The Butterflies of Grand Canyon
Page 5
“There’s nothing to fear, my dear,” says he. “Hair of the dog, bit of tequila. Ah, forgive me. I didn’t even offer.” He waves the bottle at her and cocks his head.
“No, thank you,” says Jane nervously.
“Chacun à son goût and all that,” he shrugs. “Call it my different sort of satisfaction. Possibly not the one Aunt Gretchen had in mind—though she was a dragon wrestler, she was. Born the day Robert Lee signed away the South at Appomattox. Five days later Lincoln took the bullet. Some of us, my dear, have unrest in our veins. That one did.”
He caps the bottle and tucks it back under the sink, behind a frail wall of sponges and soap powders. He sits down across from her at the little table and says, “I know almost nothing about your habits. That seems a shame.”
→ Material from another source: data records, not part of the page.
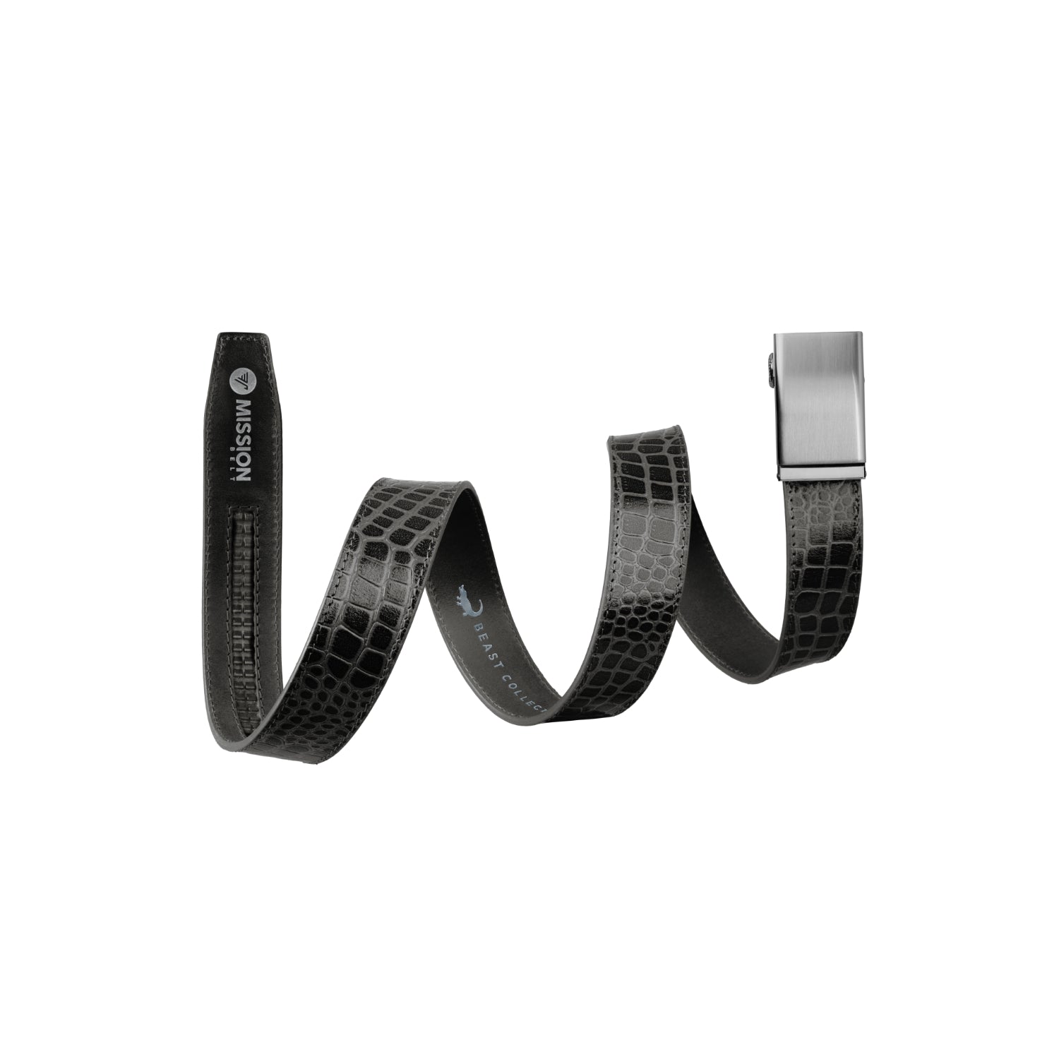 Meet The Beast Collection—no hunting permit required. These animal-skin-embossed leather belts bring apex energy without the whole "wrestling-a-crocodile" lifestyle choice. Same Mission Belt muscle, same no-BS ratchet fit, now dressed in textures that look like they could bite back. It's refined, a little reckless, and built for people who prefer their style with teeth. Clean enough for the office. Wild enough for after. Proceed accordingly.
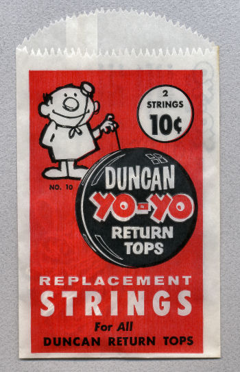 A vertical string pack with "No. 10" below the Duncan Yo-Yo Man's feet. This was the last design sold by the original Duncan company in Luck, Wisconsin before Flambeau Plastics acquired the brand several years later.
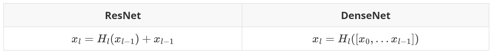 - 随着网络加深,输入信息和梯度信息在很多层之间传递导致愈加明显的梯度消失问题\({\to}\)保证网络层与层之间最大程度的信息传输的前提下,使每层的输入来自前面所有层的输出(共L(L+1)/2个连接),dense connection相当于每一层都直接连接input和loss,特征和梯度的传递更加有效,减轻vanishing-gradient,网络更容易训练。
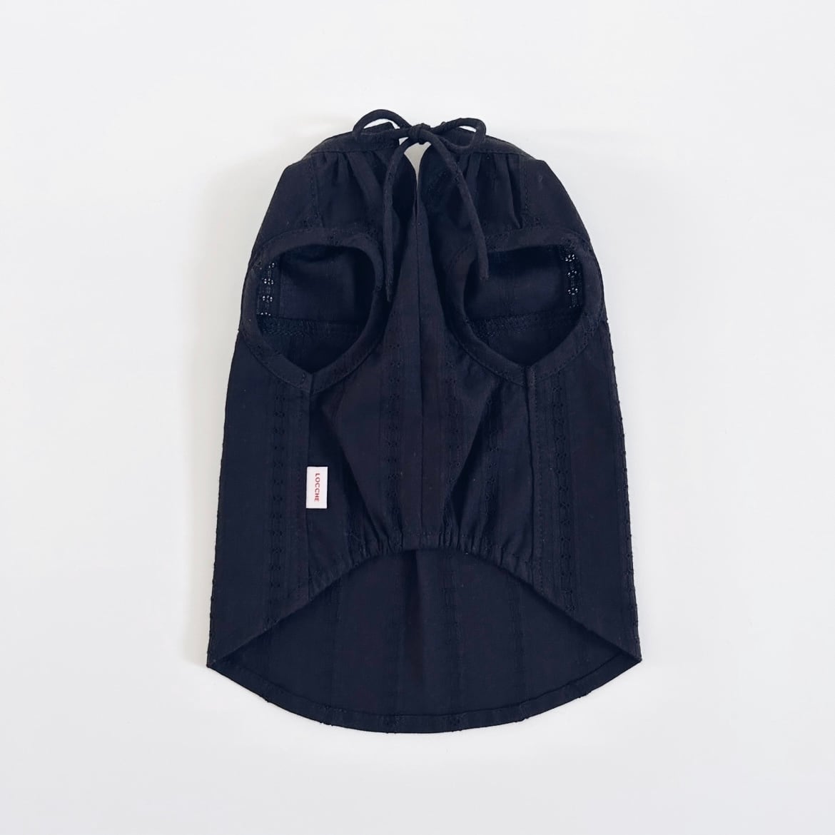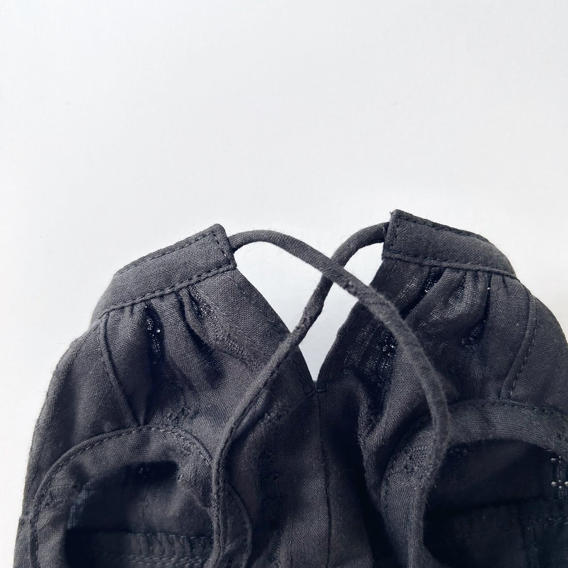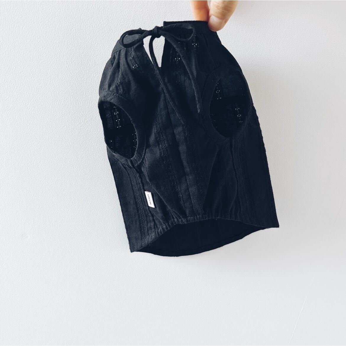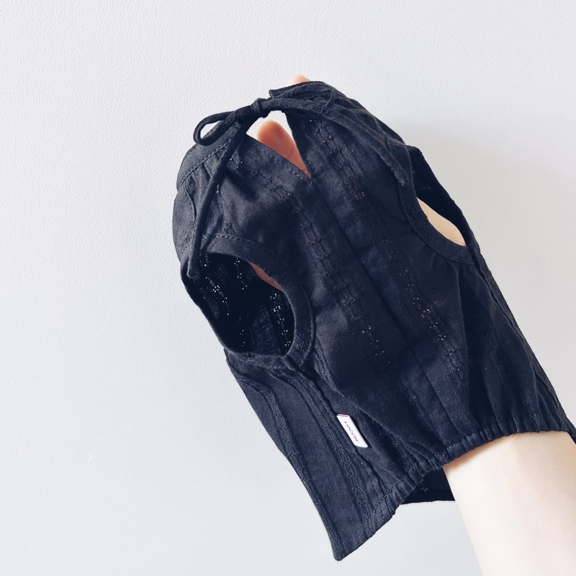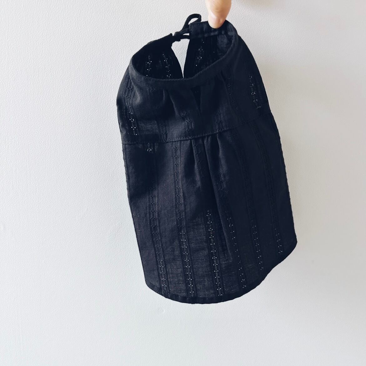 黒ですがレースっぽい織り方が涼しげで通気性もあるので春から秋口頃まで長く着ていただけます。

Habits? Jane can’t think of any habits—except, according to Morris, she clicks her teeth in her sleep. There’s one. And she’s caught herself picking at a rough place on her elbow, fearing it will become a wart. But that’s not the kind of thing he needs to know. She offers something unincriminating: “I read,” she says.
“Ah! Whom?”
“The French at the moment.”
“Vive the French! They write the way they cook. Rich, heavy stuff. Though in my opinion it makes better eating than reading.”
She nods, though she’s not sure she agrees or whether agreement is expected or necessary.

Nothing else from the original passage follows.